More than 61 million rail trips were made in the first six days of the national new year holiday, according to official reports. That was the highest in data compiled by Bloomberg News in the last five years, and it marked a 61% increase over the same vacation period in 2023.
“The Chinese consumer is beginning to stir,” said Frederic Neumann, chief Asia economist at HSBC Holdings, adding that spending indicators had exceeded expectations. He acknowledged, though, that surpassing 2023 was a “low bar” given the country was still contending with a rampant outbreak of Covid-19 at the time.
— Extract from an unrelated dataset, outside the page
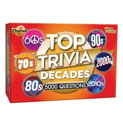 Cheatwell Games Top Trivia Decades Quiz Game 5000 Questions To Test Your Knowledge Of Music, Film, TV, Science, Food, Drink, Culture, General From The Last 60 Years, For Ages 14 Plus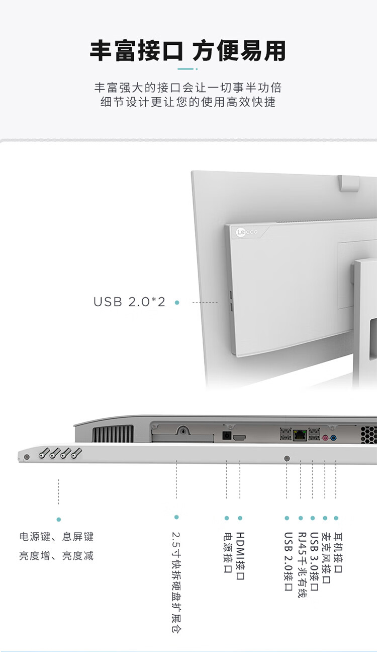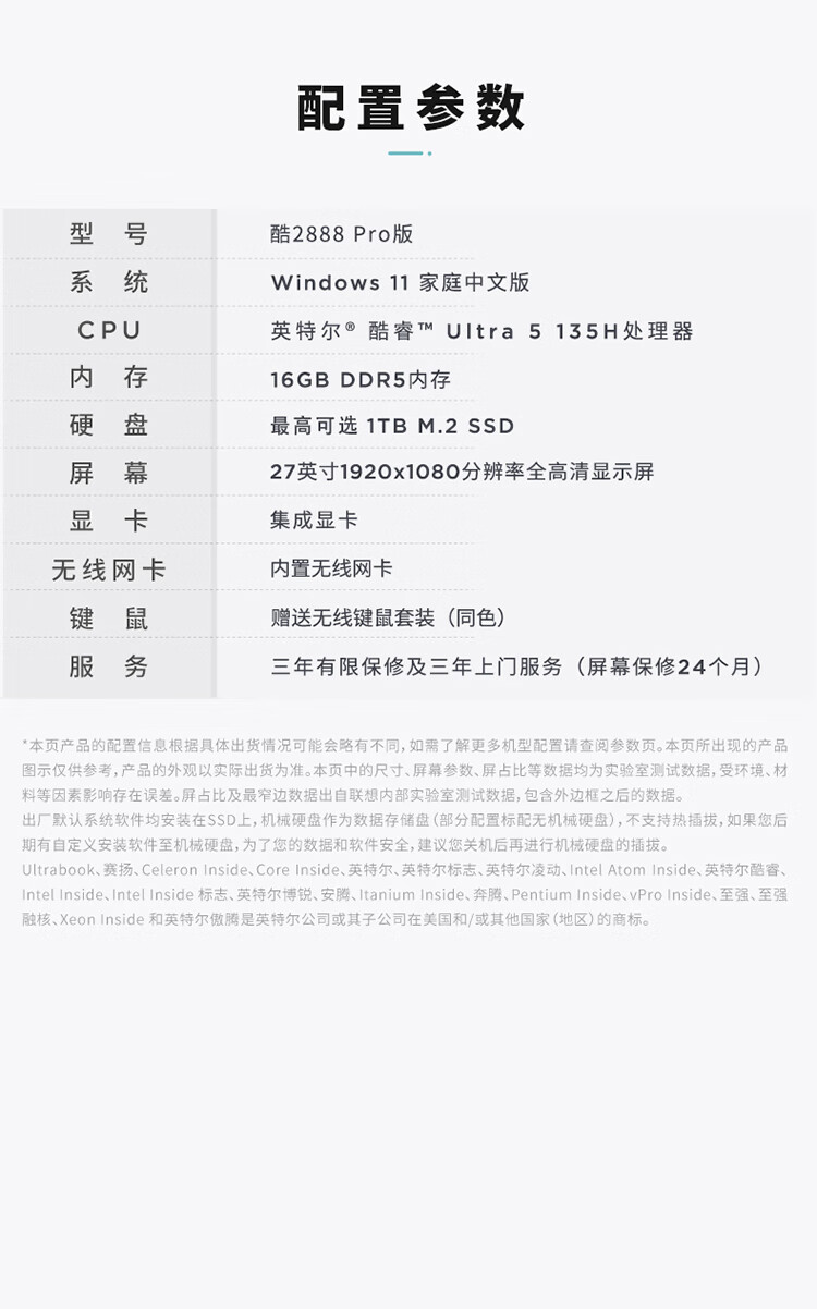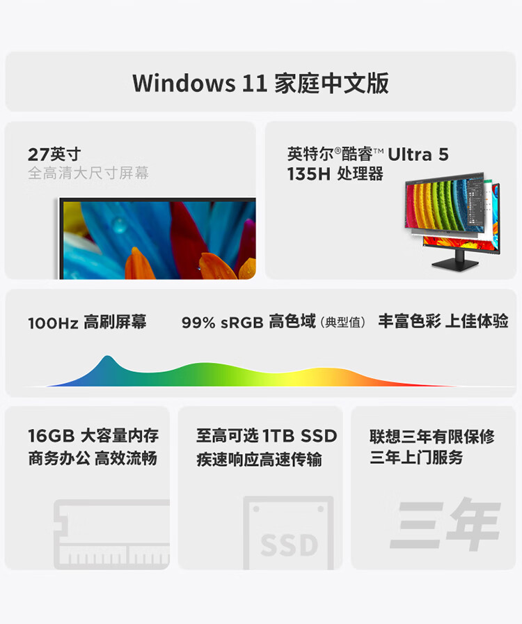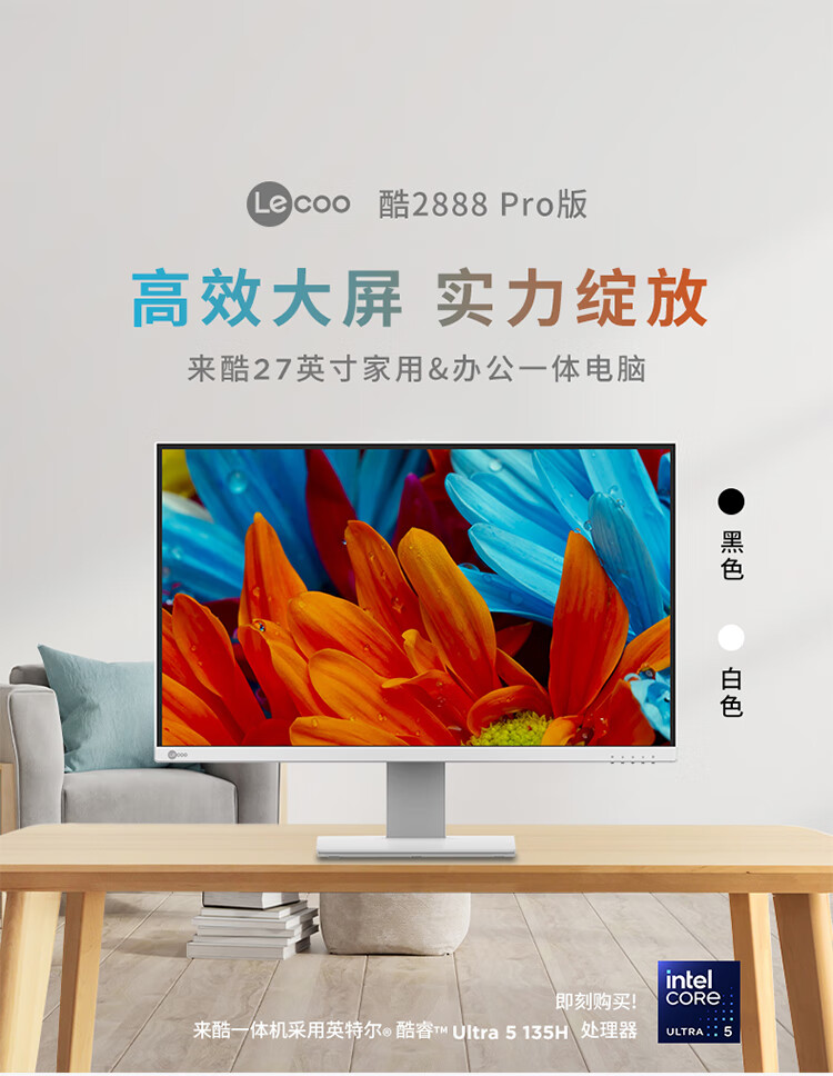 联想来酷 Lecoo一体台式机电脑27英寸( 酷睿 Ultra5-135H 16G内存 1TB SSD 无线键鼠 正版win11 ) 白

The travel data is welcome news for an economy struggling with concerns about growth this year as the ongoing property crisis dents confidence and deflationary pressures persist. Consumer prices dropped last month at the fastest pace since the global financial crisis, adding pressure on the government to step up support. A multi-trillion dollar selloff in Chinese stocks has underscored the economic gloom.
Some initial data on road and air trips during the holiday also showed improvement over last year, Chinese state media reported. Hotel sales on Chinese e-commerce platforms surged more than 60% from a year earlier, according to media reports citing the Ministry of Commerce.
Just ahead of the holiday, Shanghai reported some 8.8 million tourists, up more than 50% year-on-year, according to state broadcaster China Central Television.The average daily consumer spending on Meituan’s online platforms during the holiday period jumped some 36% from the same period last year, according to a report from the delivery giant.